Oh, good. I live very close to the area of totality in Texas.
If you experience it, note the temperature drop during it. Write it down. That tells you how much the sun’s energy is heating the AIR around you. As the sun disappears, the air temp will drop. Maybe as much as 10F…
Memorable experience could be away from built up areas.
As eclipse fades out there is sudden interruption of silence by burst of birds’ dawn chorus.
My experience during an 8-minute eclipse in La Paz was about 1 deg F per minute, which resulted in dust devils developing in the desert.
In the far east of Russia they are enduring the doomsday kind of solar eclipse when day turned to night this Tuesday.
Russia’s Shiveluch volcano in Kamchatka Peninsula ‘explosively’ erupted sending ash plumes up to 19 kilometres (12 miles) high.
Nearby villages are covered in inches of volcanic ash.
The last gigantic blast occurred in 1964, creating a new crater and covering an area of nearly 100 square kilometres (nearly two Manhattans in MSM units) with pyroclastic flows.
Kamchatka volcanoes have significant effect on the Arctic events due to low altitude of the stratosphere at volcano’s latitude (as low as 8-10 km) and direction of the polar jet stream.
It may be too late in the year to cause SSW and much of an effect on winter type polar vortex break which usually sends masses of cold Arctic air into the N America and the NW Europe.
For the climate anxious it could mean the end of the world
Looking forward to this, inviting relatives, getting glasses, etc. I think we get about 20 seconds of totality, being right on the edge of the zone. We’ll have to make it count.
Its worth taking a drive to experience it longer. Will you be around in 2044?
We might have a different experience. The roads won’t be fun, scouting a location won’t be fun. Crowds won’t be fun. On the other hand, you have this 115-mile wide band of totality, and it’s a two-minute walk within our neighborhood to reach the edge of it. If that 20-26 seconds is just as total as it is anywhere, then I’d be inclined to stay and set up to our heart’s content. Planning is the key. If you don’t plan ahead, you need to go to a big field where parking, crowds, etc, might spoil the experience. But if I measure everything, I can set up a table and chairs, we can have a great angle for the entire event as long as it’s not too cloudy.
Even if it came to the UK, the clouds would obscure it.
the trick will be to find a lengthy highway that parallels the path of totality. we had planned to watch 2017 in casper, wy but were able to bug out to douglas, wy thanks to i25. it was a good move. could have easily gone west along 26 as well. don’t be fixed to one spot.
also, i remain shocked at how many people were afraid remove their glasses during actual totality. don’t be that guy.
Probability says that they are correct to do so.

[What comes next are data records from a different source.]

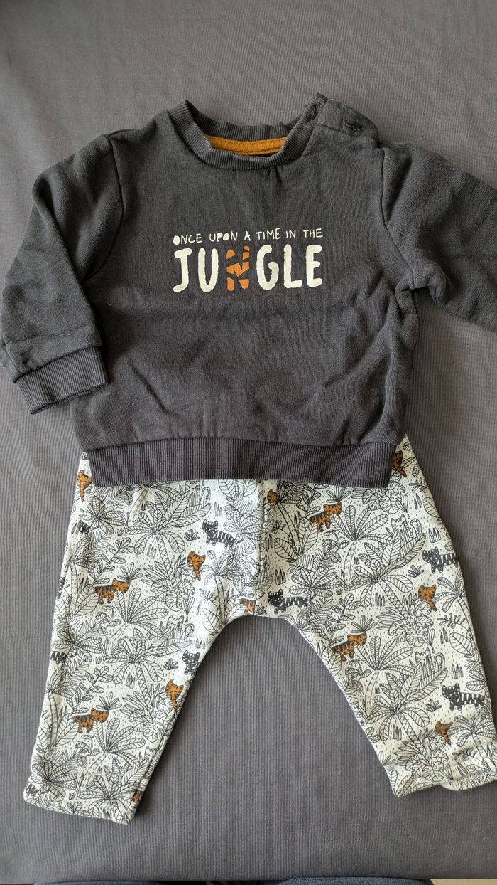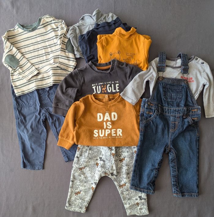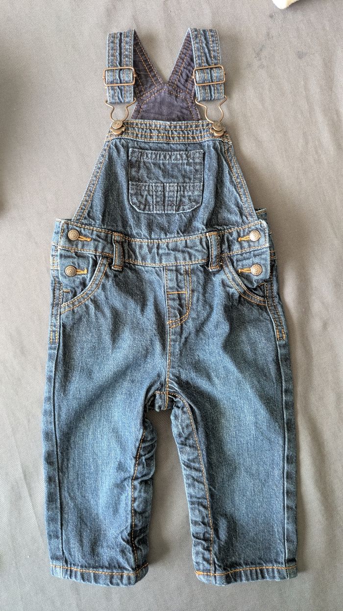 Lots de vêtements garçon 12 mois Kiabi La salopette s'ouvre à l'entrejambe.
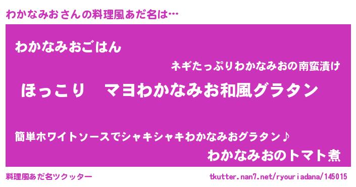 | 胡散臭い通販商品みたいなあだ名 | 『あなたにだけ特別に提供する100年もののヴィンテージワイン…その名も「わかなみお」』 |
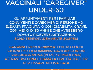 Inoltre sono temporaneamente sospesi gli appuntamenti di familiari conviventi e caregiver (di persone ultravulnerabili oppure con disabilità grave), con meno di 60 anni che avrebbero dovuto ricevere il vaccino Vaxzevria (Astrazeneca). I loro appuntamenti saranno riprogrammati entro pochi giorni per la somministrazione di un vaccino Pfizer o Moderna (vaccini a mRNA), attraverso una chiamata diretta dal Cup per fissare la nuova data.
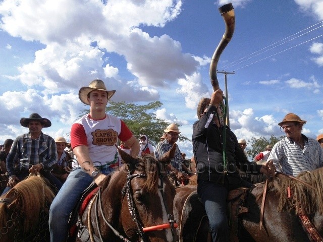 Além da abertura, Miguel compareceu à Missa do Vaqueiro, ao lado do prefeito Roniere Reis (com o berrante). O pré-candidato aproveitou para destacar a importância econômica e cultural da Caprishow.
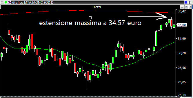 Dopo la rottura dei 32.50 euro il titolo ha avuto un discreto allungo ed il suo viaggio è finito qui: a 33.80 euro
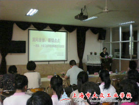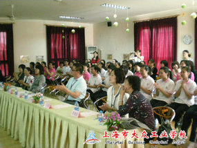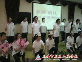 5月24日上午,清河路幼儿园举行了一场别开生面的实习交流总结会,教育局领导、两校的领导都参加了此次活动。嘉宾们首先观看了心灵手巧的保育员和同学制作的手工艺品,连连称赞保育员队伍不简单。接着朱芳副局长作了了热情洋溢的讲话,她激励学生要认真跟着师傅学技能、跟着老师学知识,成为一支年轻有实力的力量充实到嘉定的幼儿保教队伍中。吴晓岚也代表同学发了言,两周的实习,通过师傅的耐心指导,大家学会了很多实践操作,技能都有了很大的提高。吴晓岚同学的师傅是一名优秀的高级保育员,她向同学们讲述了工作中的体会,保育员不但要有娴熟的操作技能,更要具备“四心”即爱心、细心、耐心和责任心,使同学们深受启发。最后一个环节是才艺展示,保育员们活泼生动地表演了幼儿体操,轻松而明朗的节奏令台下的嘉宾一起打着节拍,掀起了一个小小的高潮。我们的学生也不甘示弱,急诊救助技能演示、儿歌联唱,都博得了满堂彩。不知不觉,内容丰富、形式活泼的实习总结会临近尾声……
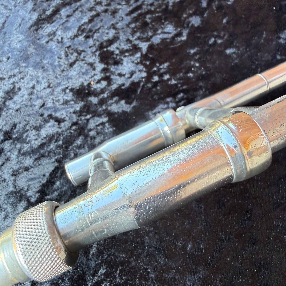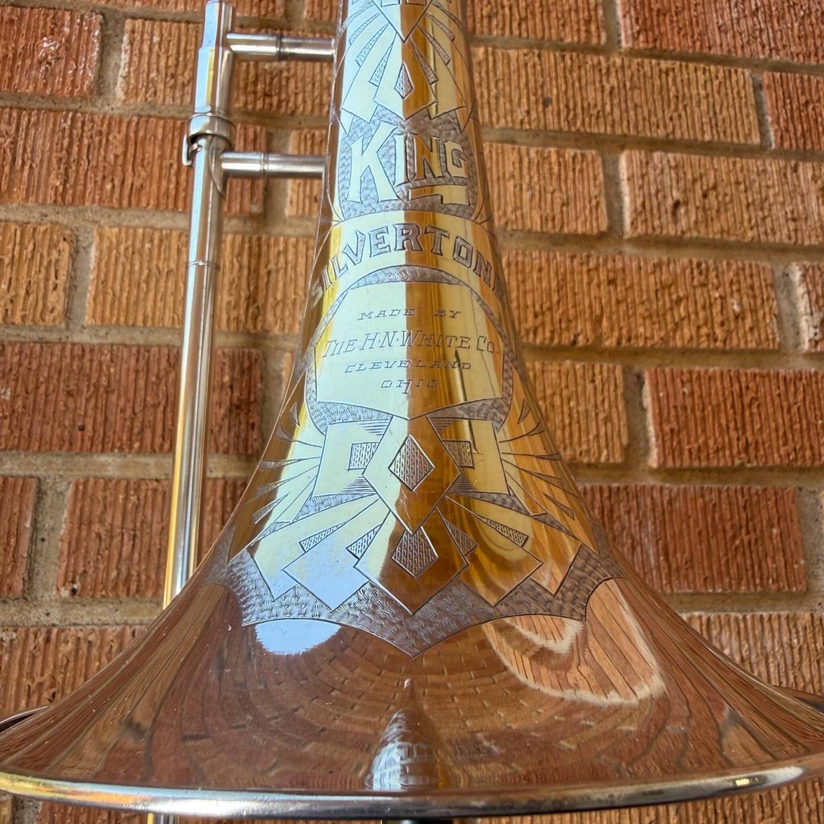 Additionally, unlike most surviving King 2b or Silver Tone models, this example has no wear-through on the inner handslide stockings, and includes the original counter-weight and case!
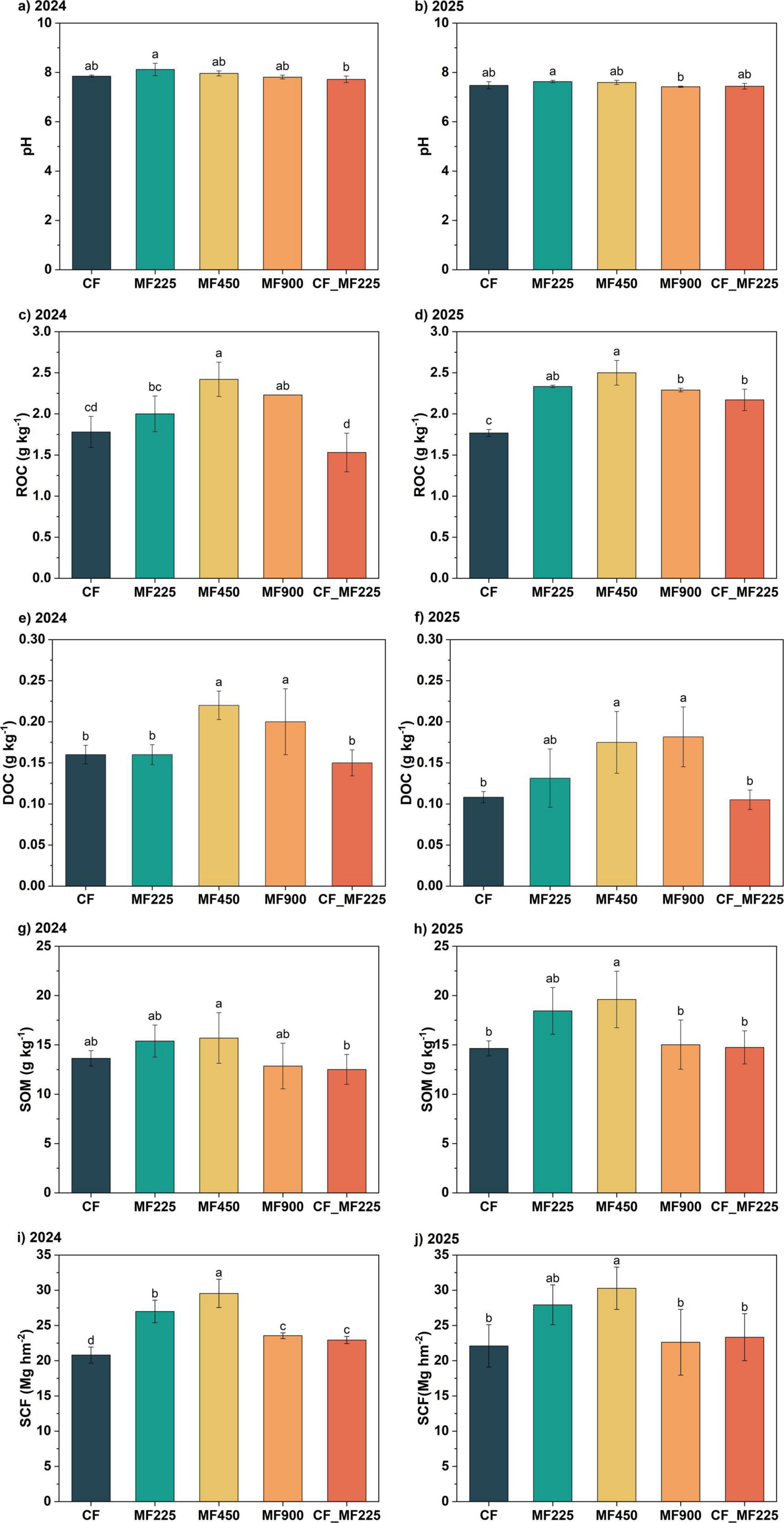 Figure 1. Effects of fertilization treatments on soil pH (a,b), readily oxidizable organic carbon [ROC, (c,d)], dissolved organic carbon [DOC, (e,f)], soil organic matter [SOM, (g,h)], and soil carbon sequestration [SCF, (i,j)] in 2024 and 2025. Different letters indicate significantly different values (P < 0.05).

Photons emitted by sun’s electrons do not perceive time, the fourth dimension of the spacetime, A quantum experiment shows that a particle of light travel both forwards and backwards in time, at the same moment so no guaranties that eye will not be hit by some of those weird photons travelling back in time.
Thank you for the information. Have begun to focus on this eclipse. Only problem, here in the central midwest, April generally isn’t a great month for observing the skies. Can only hope….

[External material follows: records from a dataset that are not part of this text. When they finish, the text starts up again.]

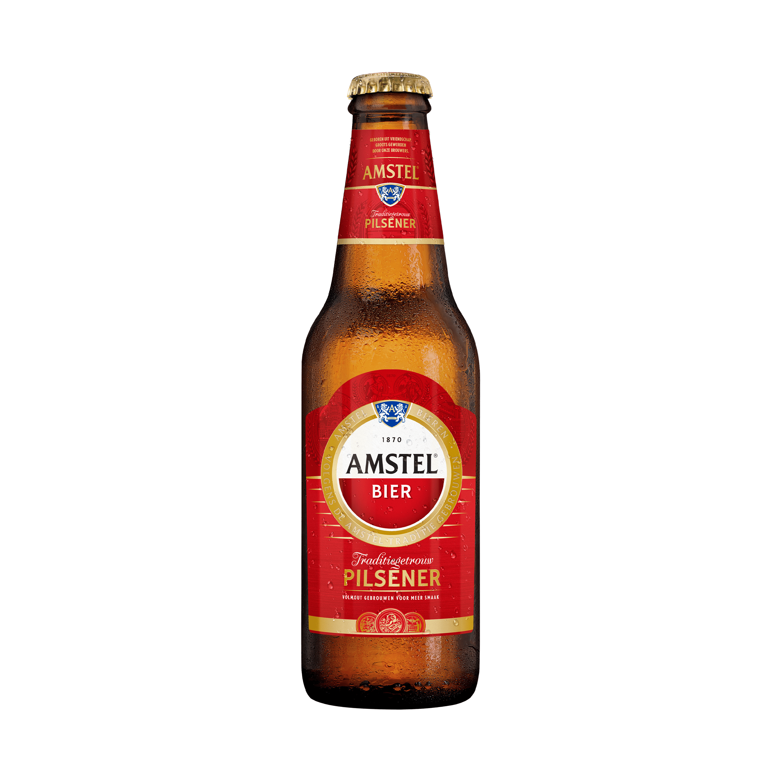 Amstel Pilsener Amstel bier wordt sinds 1870 met liefde gebrouwen voor al die onvergetelijke momenten in het leven. Amstel Pilsener is een volmout bier en wordt gebrouwen met natuurlijke ingrediënten. Het resultaat is een helder goudgeel bier met een volle, toegankelijke smaak en een stevige schuimkraag. Het perfecte bier om van te genieten en te delen met vrienden.
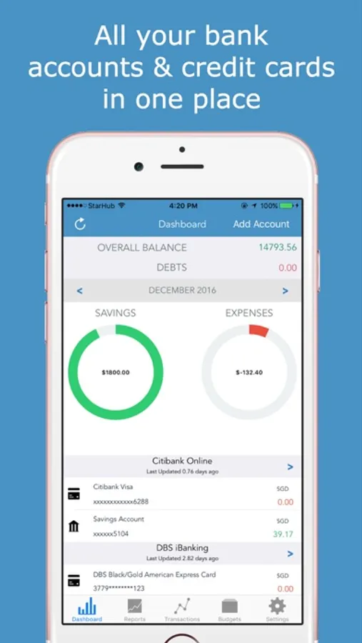 • Connect all your bank accounts & credit cards via iBanking credentials and 2FA token
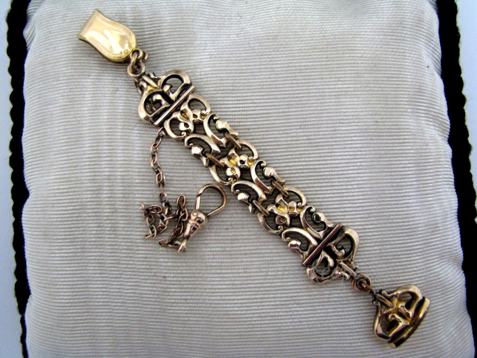 c383 10K Vintage (3) Filigree Link Fob w/ Pocket Watch Chain on Waist clip and Signet
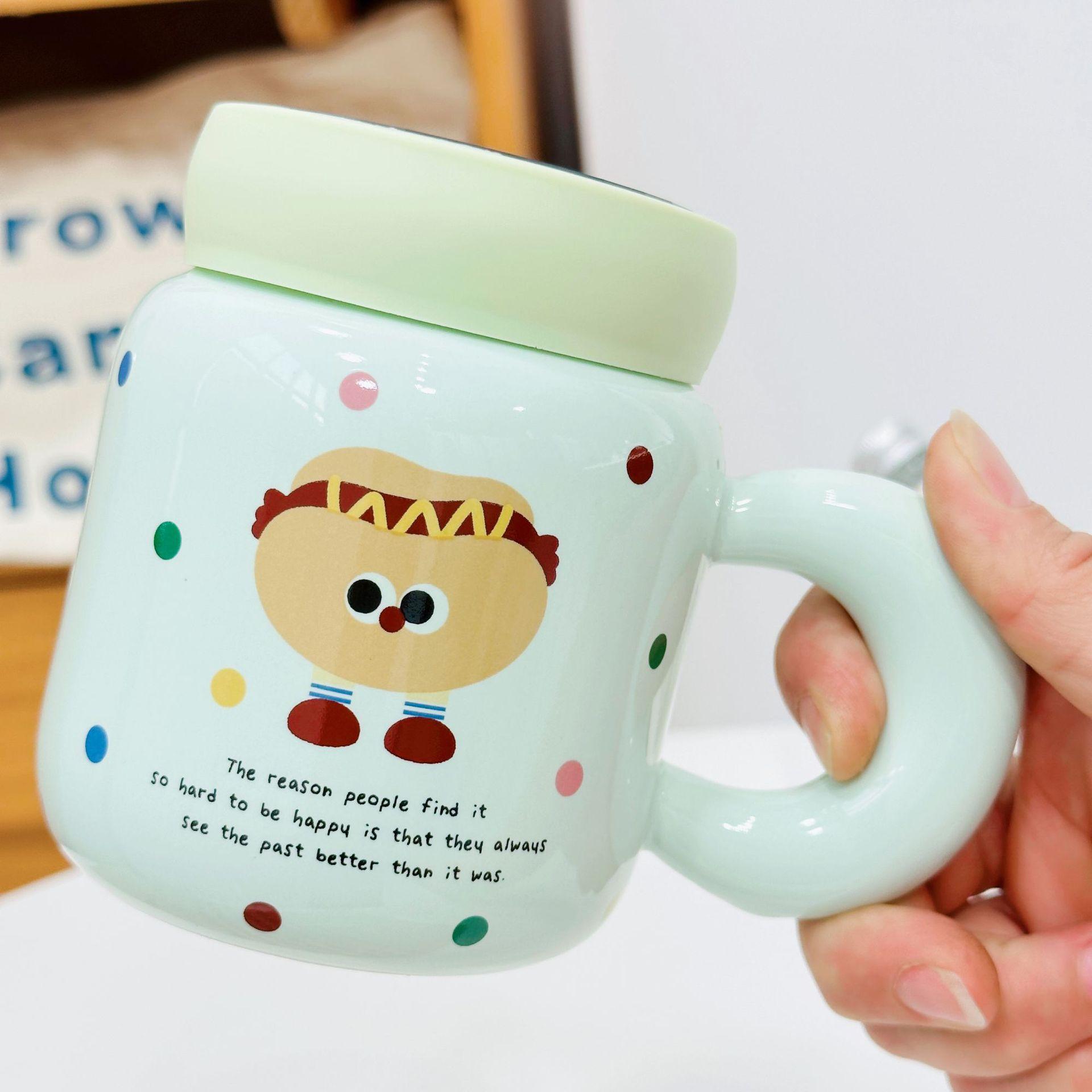 Милая керамическая чашка с крышкой, кружка для девочек, большая емкость, подарочный набор, чашка, сувенир, подарок детям 330ML

There is a total solar eclipse coming up on April 20, 2023. South Africa, the Indian Ocean, north west Western Australia (just) and then Indonesia.
Another good site for TSE info:
Enjoyed the 2017 TSE experience.Will head to either Indy or Cleveland next year where relatives live.
Can anyone offer info on typical April weather (especially cloud cover) in the various locations? I’m trying to decide where to go. We didn’t see the last one because it ended up overcast.
From Zharkova’s chart, the peak of solar activity in the 24th and 25th solar cycles should be similar. Now there will be a strong decline in the Sun’s magnetic activity until the end of the 26th solar cycle.
Great post, thanks. My wife and I have started planning already.